Sleman (ANTARA) - Warga Desa Sindumartani, Kecamatan Ngemplak, Kabupaten Sleman, Daerah Istimewa Yogyakarta yang tergabung dalam Paguyuban Sindu Tolak Asat (PSTA) mendatangi kantor Dinas Lingkungan Hidup (DLH) Kabupaten Sleman, Kamis, untuk menyampaikan penolakan rencana penambangan pasir dan batu di aliran Sungai Gendol.

Puluhan warga Sindumartani tersebut meminta agar DLH Kabupaten Sleman tidak mengeluarkan izin. Supaya penambangan galian C oleh CV Kayon tidak bisa dilaksanakan.

"Karena dari penambangan tersebut lebih banyak dampak negatifnya," kata Ketua PSTA Mahmudin.

Menurut dia, tidak kurang dari 2.100 warga Sindumartani telah menyatakan menolak kegiatan material galian C itu. Karena warga dari 11 dusun yang ada di Sindumartani menggantungkan hidup pada mata air di Sungai Gendol.

"Jika dinas mengeluarkan rekomendasi dan penambangan berjalan, kami khawatir akan kekurangan air. Padahal saat kemarau, sumber air yang berada di Sungai Gendol tidak pernah surut. Tidak bisa digantikan dengan sumur bor sebab air di Gendol juga untuk pertanian dan perikanan," katanya.

Ia meminta kejelasan kepada DLH Sleman terkait proses pengajuan rekomendasi. Sebab, sejauh ini masyarakat belum tahu keputusan yang diambil oleh dinas.

"Kalau bisa izinnya jangan sampai keluar. Kalau sudah diproses kami mohon untuk merevisi atau membatalkan," katanya.

Kepala DLH Kabupaten Sleman Dwi Anta Sudibya mengatakan tidak bisa menolak dokumen Upaya Pengelolaan Lingkungan Hidup dan Upaya Perantauan Lingkungan Hidup (UKL-UPL) yang diajukan oleh CV Kayon.

"Kami mengacu pada regulasi yang berlaku. Selain itu, pihak pemrakarsa telah mengantongi izin atau rekomendasi dari instansi-instansi terkait. Kalau kami menolak justru melanggar, karena dalam hal ini posisi kami hanya sub-perizinan," katanya.

Ia mengatakan, meski demikian, pihaknya tidak akan memberikan rekomendasi jika di lapangan masih ditemui masalah.

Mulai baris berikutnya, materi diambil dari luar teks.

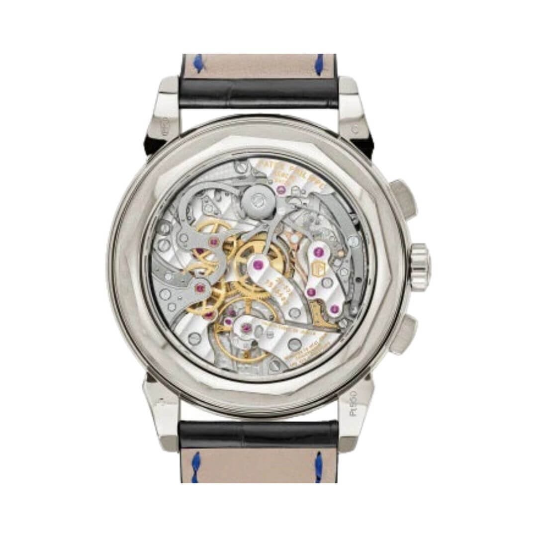 Discover the exceptional craftsmanship of the Patek Philippe Grand Complications 5271/11P-010 Lacquered Chronograph Blue Dial. Introducing the Patek Philippe Grand Complications 5271/11P-010 Men?s Timepiece, a remarkable timepiece that combines traditional design with innovative elegance. This watch showcases Patek Philippe?s commitment to creating exquisite and innovative watches that stand the test of time. Elegant Design With its stunning blue baguette-cut sapphires weighing 5.16 carats, the Patek Philippe Grand Complications 5271/11P-010 is a jewelry version of the iconic Grande Complication chronograph. The lacquered blue dial with a black-gradient rim and gold applied hour markers adds a touch of sophistication…. Experience exceptional service and authenticity.

"Sebelum mengeluarkan rekomendasi, pihak pemrakarsa harus memenuhi empat hal. Yakni biotik, abiotik, sosial dan budaya," katanya.

Menurut dia, keempat hal itu harus tidak ada masalah, kalau salah satu itu belum terpenuhi pihaknya tidak akan mengeluarkan rekomendasi lingkungannya.

"UKL-UPL akan terbitkan namun dengan catatan. Yakni CV Kayon harus memberikan bukti kepada dinas dengan menyertakan berita acara. Kami perlu ada bukti itu," katanya.

Ia mengatakan, pihak pemrakarsa pada dasarnya telah mengajukan dokumen UKL-UPL. Bahkan pada 29 Oktober lalu sudah disidangkan. Hanya saja masih ada banyak catatan dan pihak pemrakarsa harus membenahi hal tersebut.

"Termasuk di dalam notulen itu kami sertakan surat resmi dari warga yang menyatakan keberatan," katanya.

Pihaknya memberikan waktu dua minggu kepada pemrakarsa untuk membenahi dokumen tersebut terhitung sejak 4 November atau setelah dinas mengirimkan notulen kepada pemrakarsa secara resmi.

"Setelah diperbaiki akan kami cermati lagi, kalau masih ada aspek sosial yang belum terpenuhi, rekomendasi tidak akan keluar," katanya.